• _ACTIVITY_:
Leave out every picture and set down, exactly, the lines below from the one holding "Logo的呈現方式有很多種,女生戴的這頂 9FORTY,藉由布標方式將「NEW ERA" up to and including the one holding "עגילי זהב 14K  תליון  טיפה בשיבוץ זרקונים.".

• _EXTRACTED INFORMATION_:
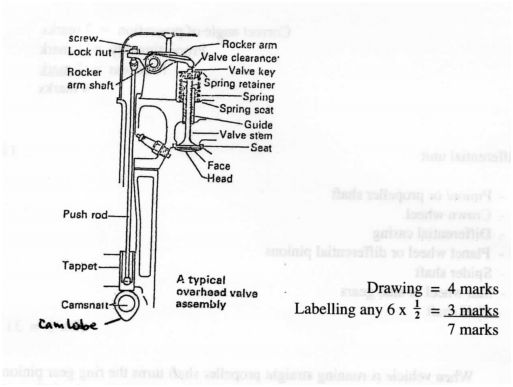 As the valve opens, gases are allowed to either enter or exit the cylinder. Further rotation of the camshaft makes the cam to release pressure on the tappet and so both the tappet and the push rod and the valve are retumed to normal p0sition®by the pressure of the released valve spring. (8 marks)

==

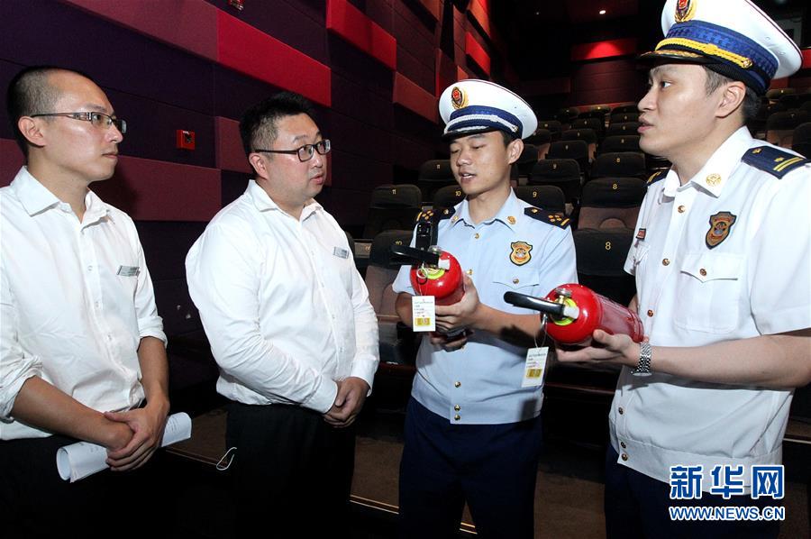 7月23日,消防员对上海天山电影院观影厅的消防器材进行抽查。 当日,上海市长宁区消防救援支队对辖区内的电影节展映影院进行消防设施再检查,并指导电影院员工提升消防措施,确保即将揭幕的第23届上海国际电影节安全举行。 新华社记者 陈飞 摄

---

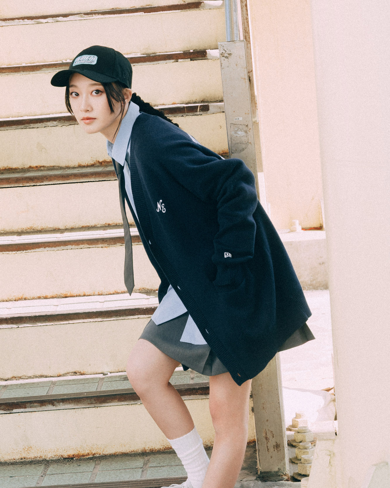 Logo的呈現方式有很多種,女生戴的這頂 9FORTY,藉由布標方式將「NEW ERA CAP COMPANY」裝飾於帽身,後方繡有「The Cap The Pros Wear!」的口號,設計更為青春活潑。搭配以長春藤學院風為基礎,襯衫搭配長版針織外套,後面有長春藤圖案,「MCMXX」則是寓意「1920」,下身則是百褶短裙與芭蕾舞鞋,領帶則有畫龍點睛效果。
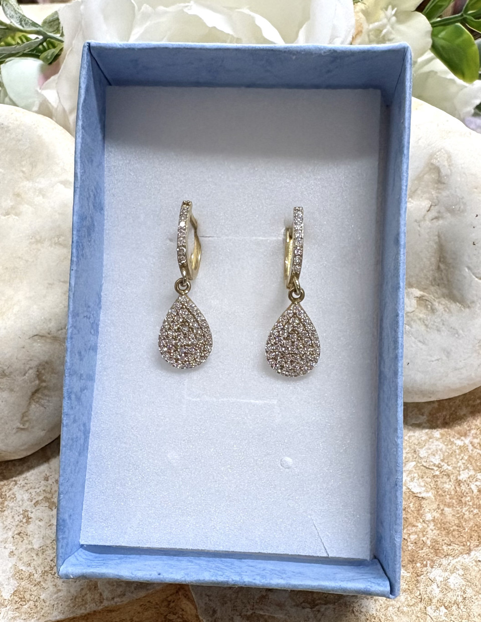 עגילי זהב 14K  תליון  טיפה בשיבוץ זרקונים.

• _TASK ANSWER_:
 Logo的呈現方式有很多種,女生戴的這頂 9FORTY,藉由布標方式將「NEW ERA CAP COMPANY」裝飾於帽身,後方繡有「The Cap The Pros Wear!」的口號,設計更為青春活潑。搭配以長春藤學院風為基礎,襯衫搭配長版針織外套,後面有長春藤圖案,「MCMXX」則是寓意「1920」,下身則是百褶短裙與芭蕾舞鞋,領帶則有畫龍點睛效果。
 עגילי זהב 14K  תליון  טיפה בשיבוץ זרקונים.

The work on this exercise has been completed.